(What is needed):
Pictures must not appear in the copy. Set down exactly the line with "- عبد العزيز" and each line after it through the end of the data below.

(Provided material):
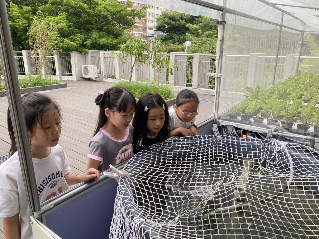 對自然生態頗有研究的張育誠老師表示,魚菜共生是一種低碳、永續又高效率的生態栽培方式,透過魚類排泄物轉化為植物的養分,再由植物淨化水質,形成魚與菜互相依存的循環。「學生們不是只在課本上看到抽象的生態循環,而是能實際觀察、測量與紀錄。這樣的學習更具體、更有感,也能引發孩子的探究精神。」
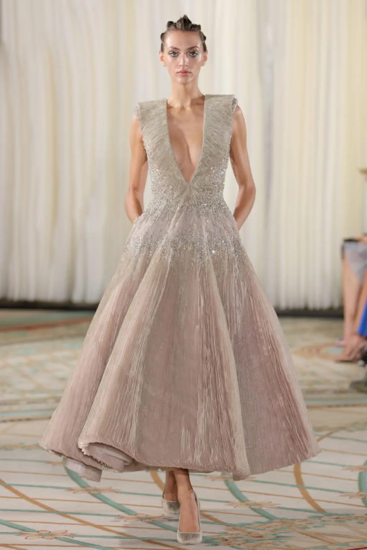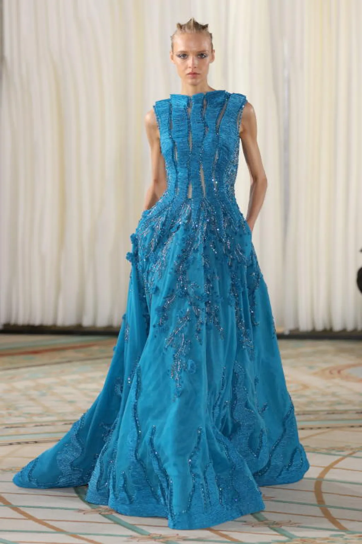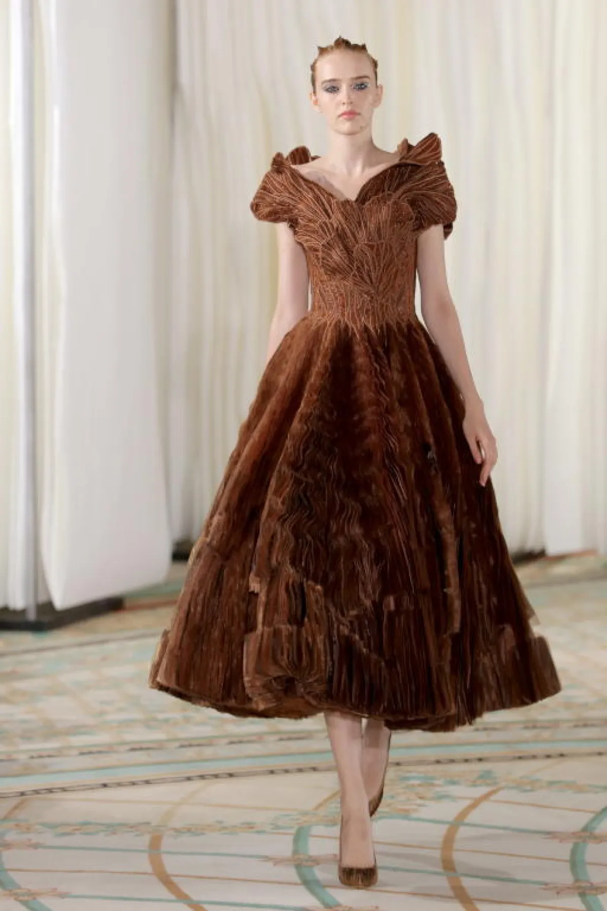استكشافًا للعالم الغامض للفطر، يتم طي الأورجانزا الواحدة فوق الأخرى آلاف المرات، تمامًا مثل خياشيم الفطر في سطحه السفلي. كما تُترجم القبعات الإسفنجية إلى أشكال ضخمة جميلة، أمّا التطريزات بالخيطان السلكية والحريرية فتشبه الميسيليوم، ذاك النباتي الأخضر الّذي يتكون من جزء كبير من خيط فطري متفرع.
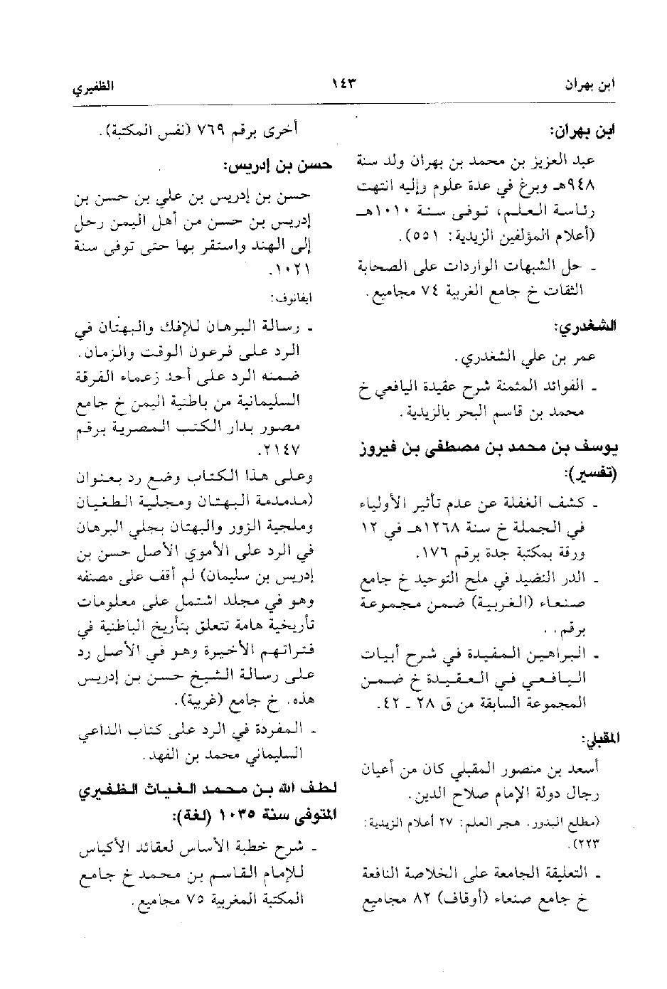 - عبد العزيز بن محمد بن بهران ولد سنة 948هـ وبرغ في عدة علوم وإليه انتهت رئاسة العلم توفي سنة 1010هـ أعلام المؤلفين الزيدية 551.
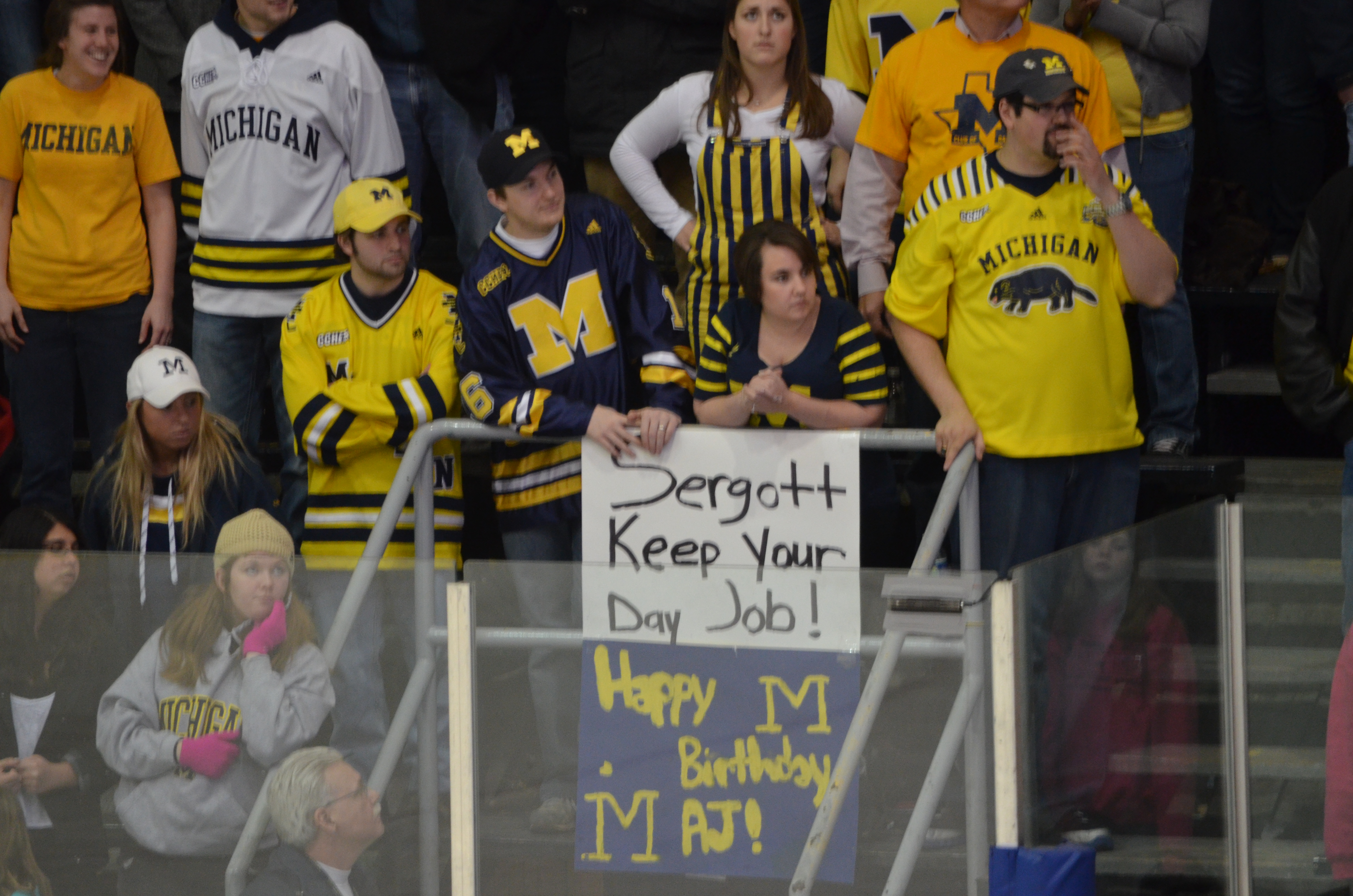 I’ve uploaded several pictures for your perusal. Head over to our Facebook page for the full album. Don’t miss the end of the album to enjoy the “many faces of Rico Blasi” portion. Coach Blasi was bummed out absolutely incensed with the officials in the third period of Saturdays game after a weekend of inconsistency and unbelievable calls. The following pretty much sums it up. Thanks to these fashionable crazily dressed Wolverine fans for the picture opportunity:

(Response to the task):
 - عبد العزيز بن محمد بن بهران ولد سنة 948هـ وبرغ في عدة علوم وإليه انتهت رئاسة العلم توفي سنة 1010هـ أعلام المؤلفين الزيدية 551.
 I’ve uploaded several pictures for your perusal. Head over to our Facebook page for the full album. Don’t miss the end of the album to enjoy the “many faces of Rico Blasi” portion. Coach Blasi was bummed out absolutely incensed with the officials in the third period of Saturdays game after a weekend of inconsistency and unbelievable calls. The following pretty much sums it up. Thanks to these fashionable crazily dressed Wolverine fans for the picture opportunity:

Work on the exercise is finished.